== Problem to solve ==
Only the lines from the one containing "A specialized veterinary" through the final line below belong in the output, copied exactly and without pictures.

>>>>>

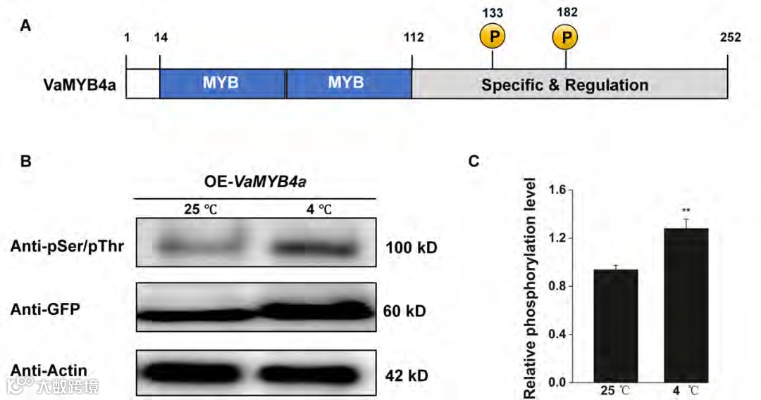 1. 低温诱导VaMYB4a磷酸化增强其在葡萄冷胁迫中的作用
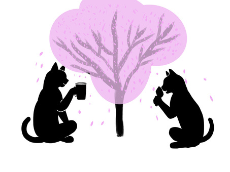 桜の下で酒盛りをする猫
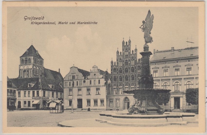 Mecklenburg-Vorpommern - Greifswald, Markt m. Kriegerdenkmal sw-AK gelaufen 1909
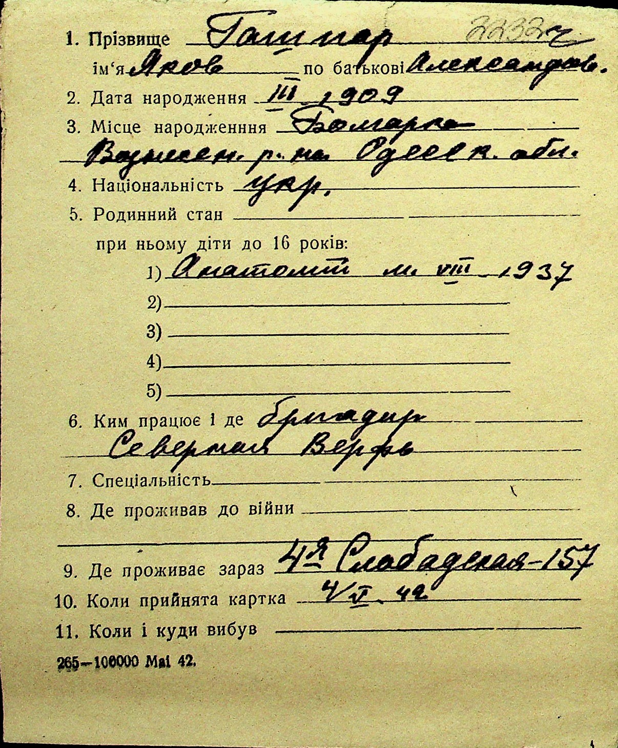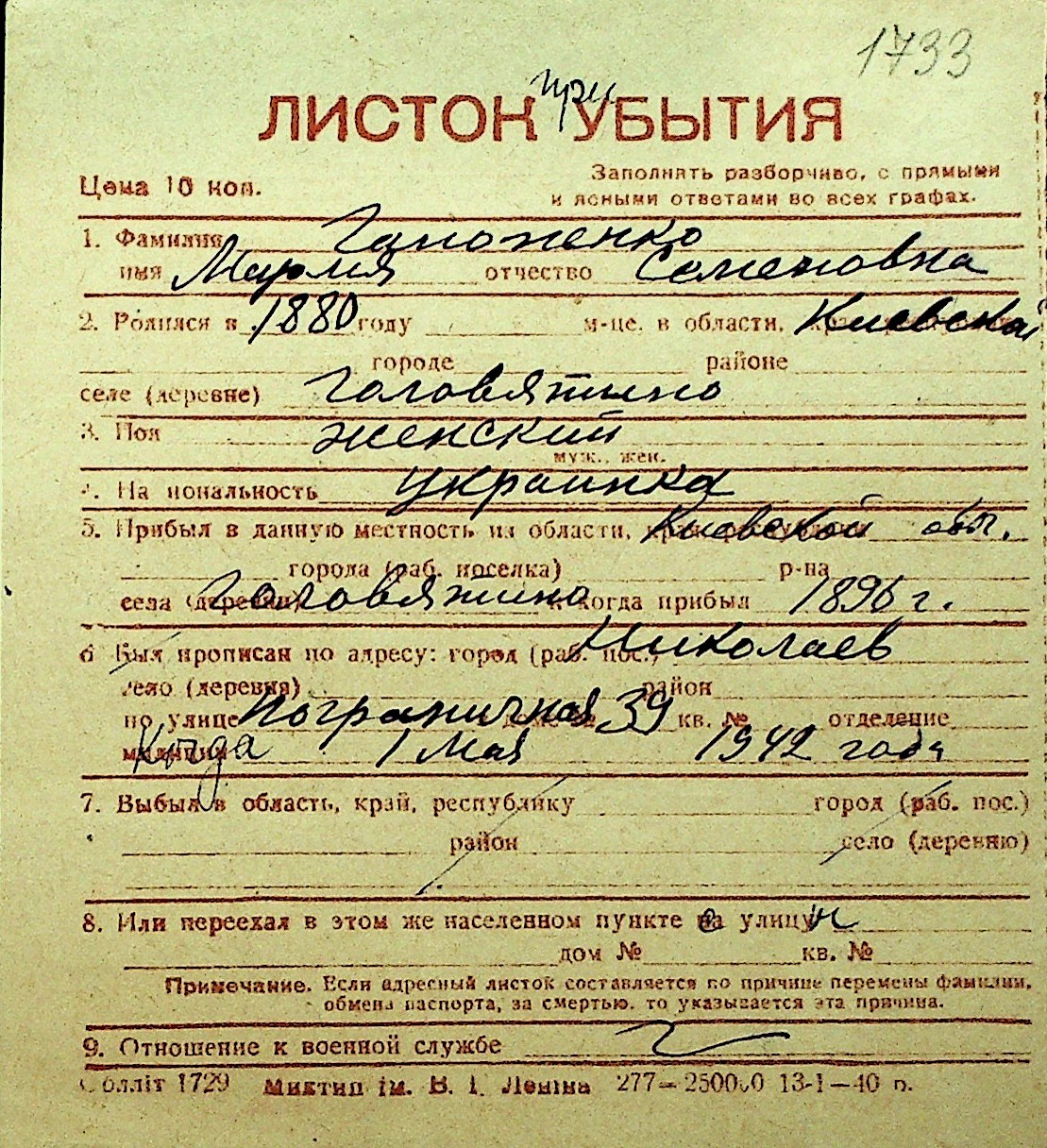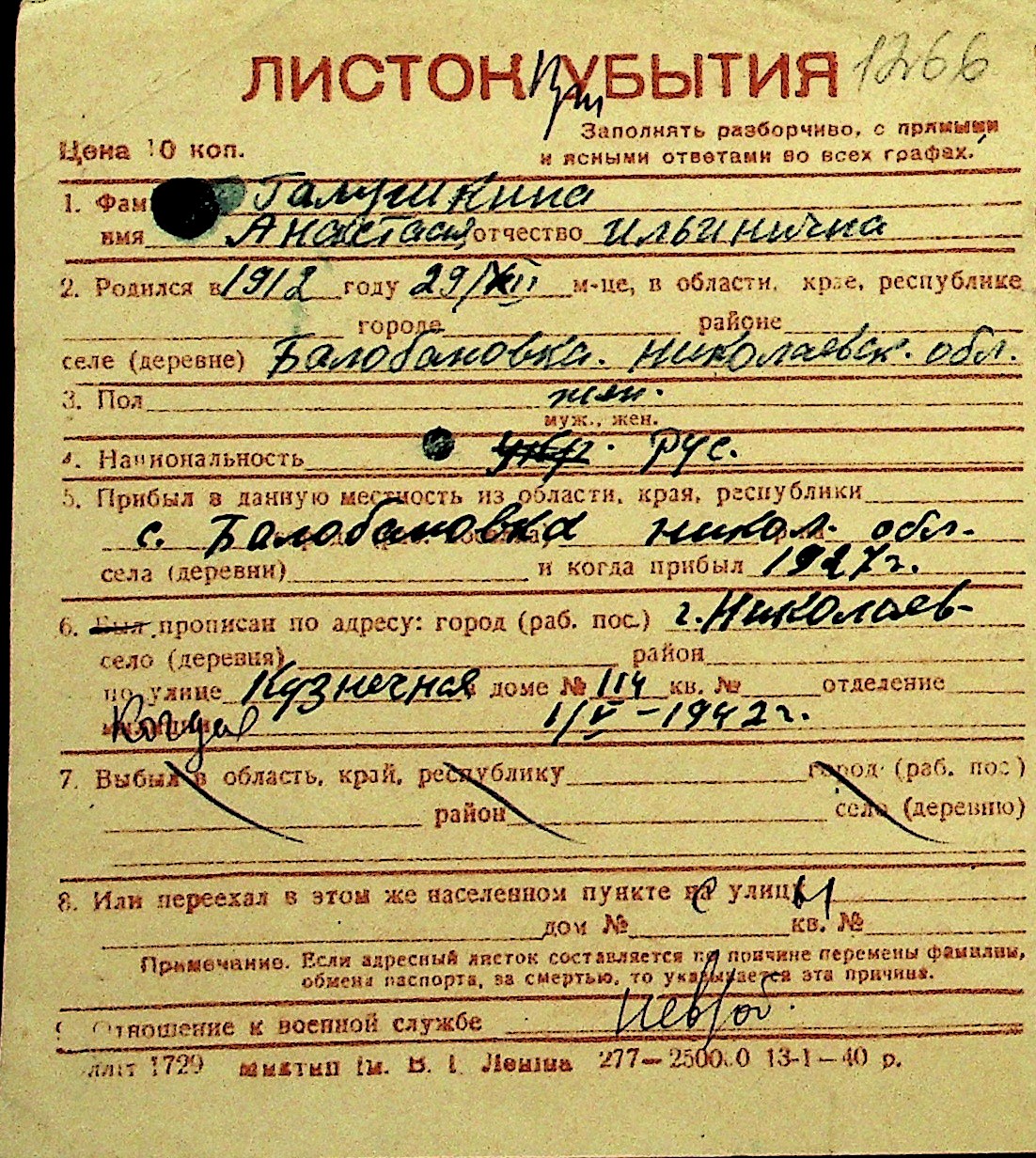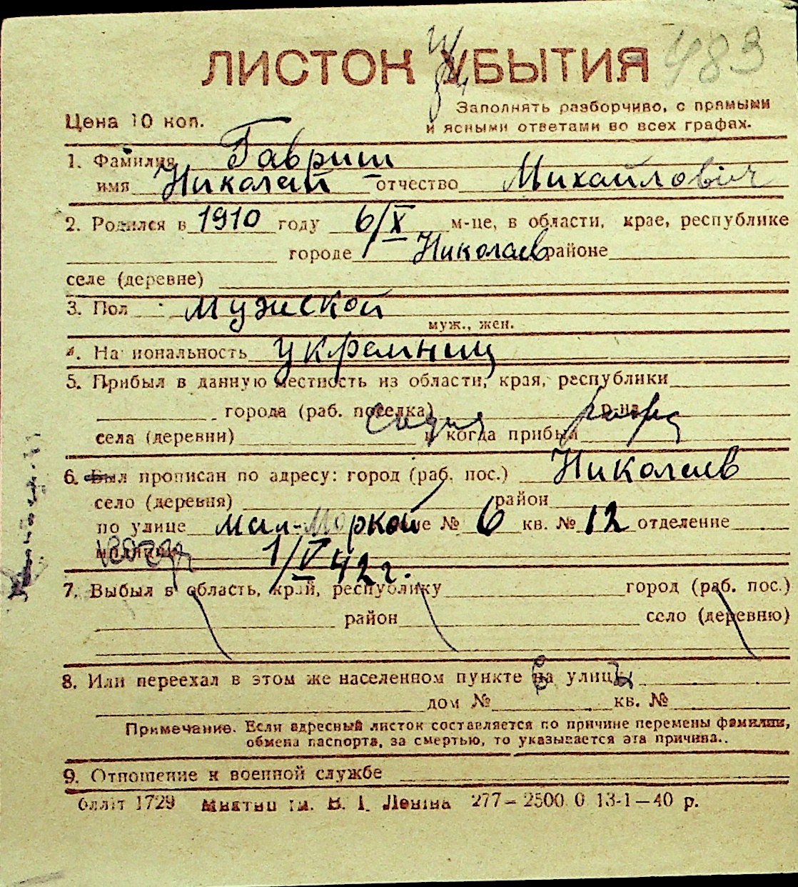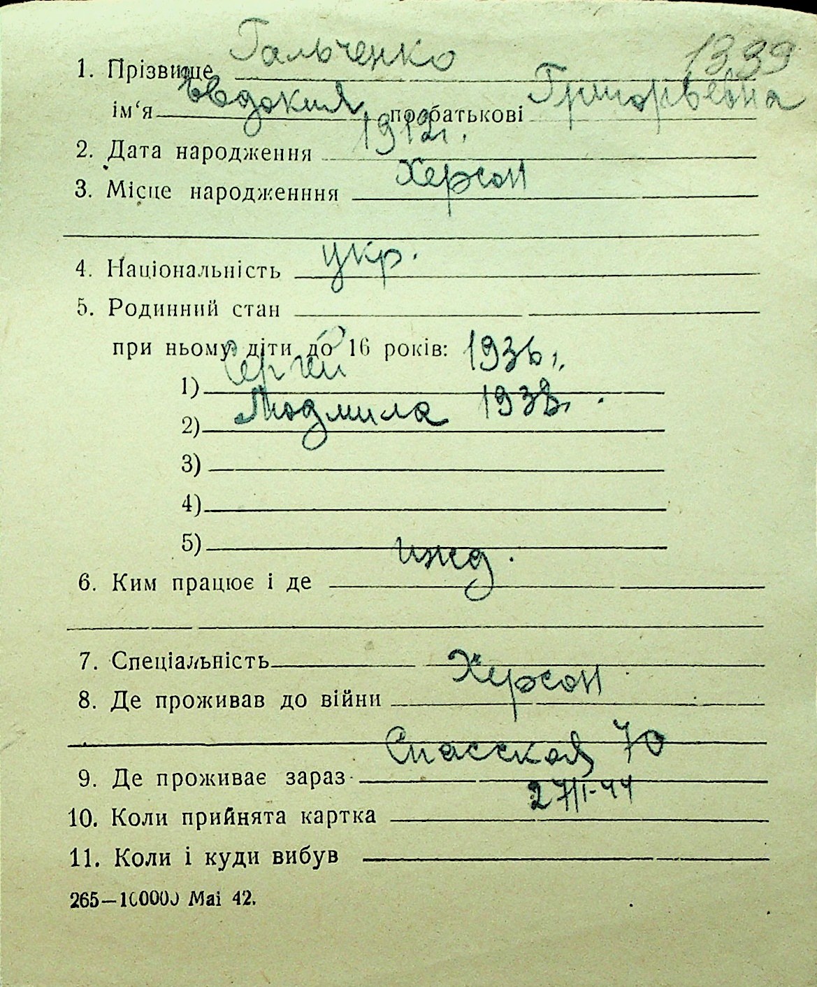 • • Перелік карток до фонду № Н-1016
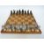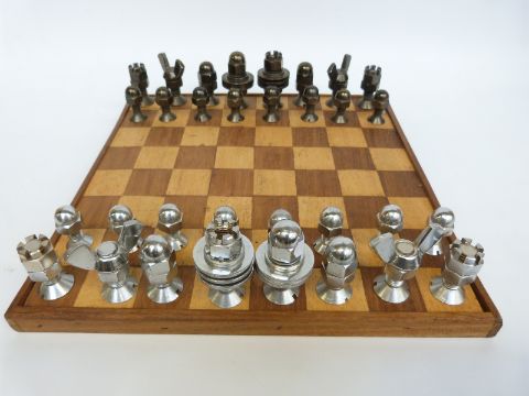 A steel chess set, each piece constructed from steel nuts and bolts, with wooden chess board, height of king 6.5cm.
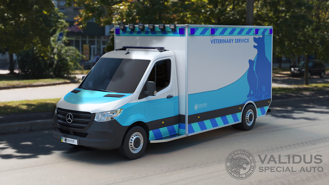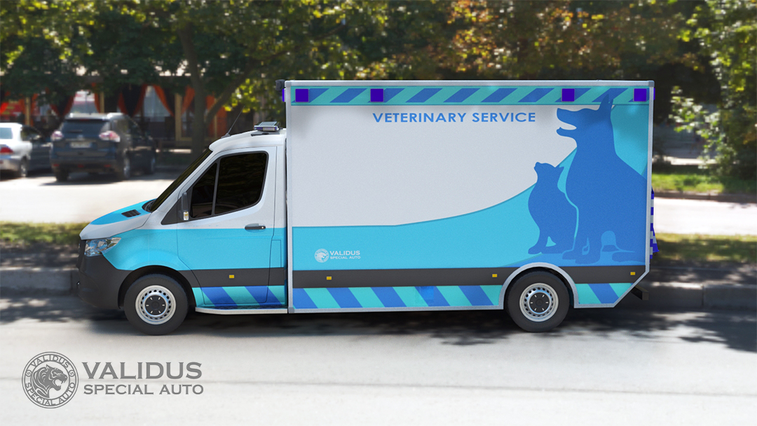 A specialized veterinary vehicle for on-site biosterilization of stray animals.
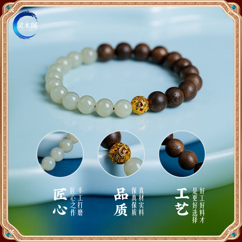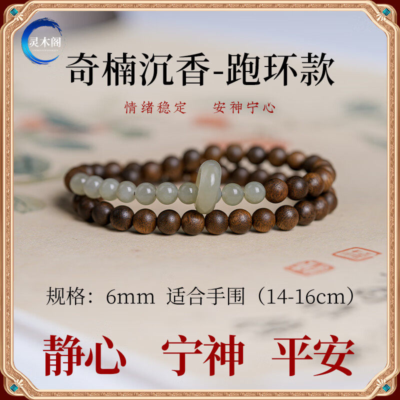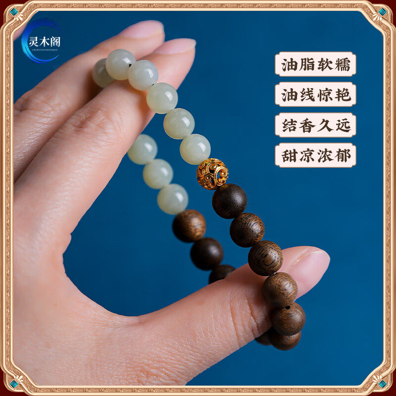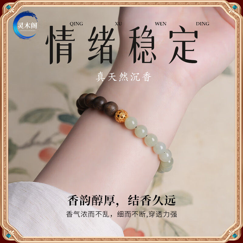 天然奇楠沉香手串女款和田玉转运珠木制玉石国风手链半山半水
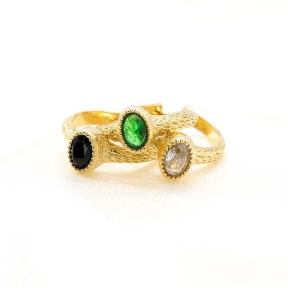▪️Yulz Ring -▪️Colors Available: - Black -Green -Clear ▪️Size: 7 ▪️Stainless Steel / Gold Plated / CZ
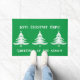 Schneebedeckte Winterbäume an einer skurrilen Tür mit Ihrer Adresse. Helfen Sie diesen Treiber, das Paket auf die richtige Veranda zu werfen. Holen Sie sich auch einen für Ihre Nachbarn! Herzlich willkommen zu Ihren Gästen mit Grüße der Saison.
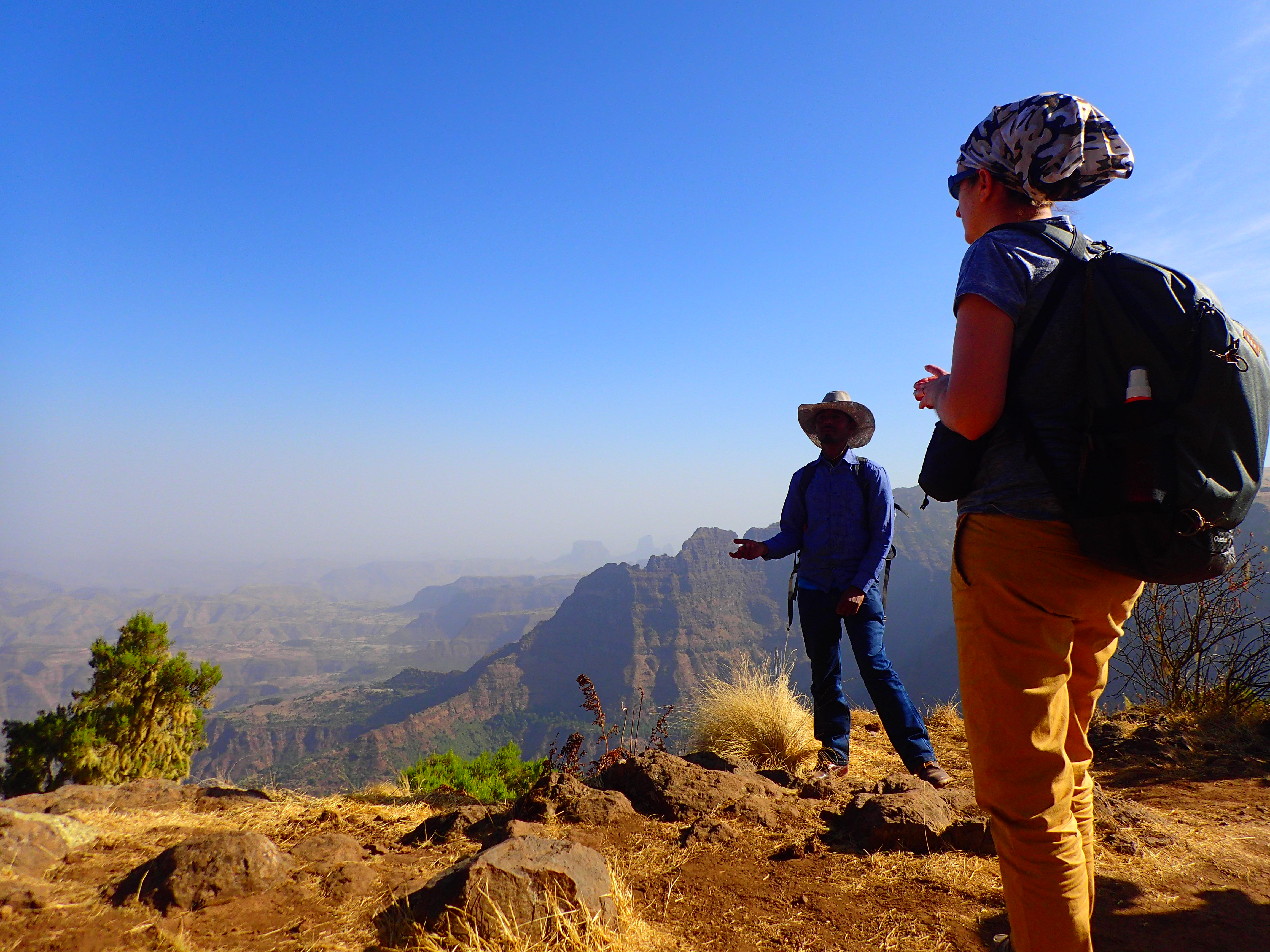En cours de route, de beaux points de vue, et la rencontre avec les Gelada baboon (singes endémiques). Une randonnée plutôt facile pour ce premier jour.
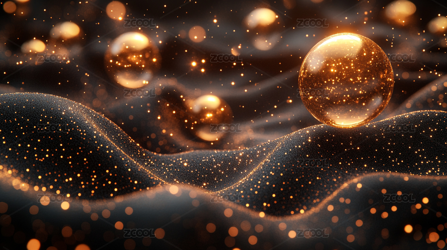 黑金色梦幻闪烁光斑与气泡的浪漫背景壁纸
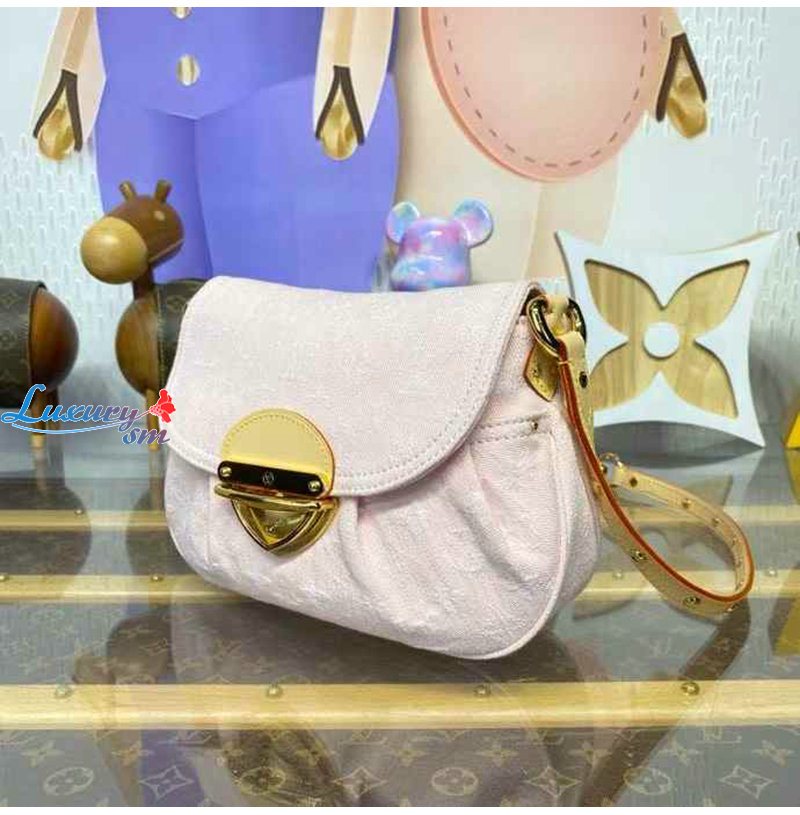 노그램 데님 패턴을 담아 선보이는 선셋 핸드백.

<<<<<

== Solution for this exercise ==
 A specialized veterinary vehicle for on-site biosterilization of stray animals.
 天然奇楠沉香手串女款和田玉转运珠木制玉石国风手链半山半水
▪️Yulz Ring -▪️Colors Available: - Black -Green -Clear ▪️Size: 7 ▪️Stainless Steel / Gold Plated / CZ
 Schneebedeckte Winterbäume an einer skurrilen Tür mit Ihrer Adresse. Helfen Sie diesen Treiber, das Paket auf die richtige Veranda zu werfen. Holen Sie sich auch einen für Ihre Nachbarn! Herzlich willkommen zu Ihren Gästen mit Grüße der Saison.
En cours de route, de beaux points de vue, et la rencontre avec les Gelada baboon (singes endémiques). Une randonnée plutôt facile pour ce premier jour.
 黑金色梦幻闪烁光斑与气泡的浪漫背景壁纸
 노그램 데님 패턴을 담아 선보이는 선셋 핸드백.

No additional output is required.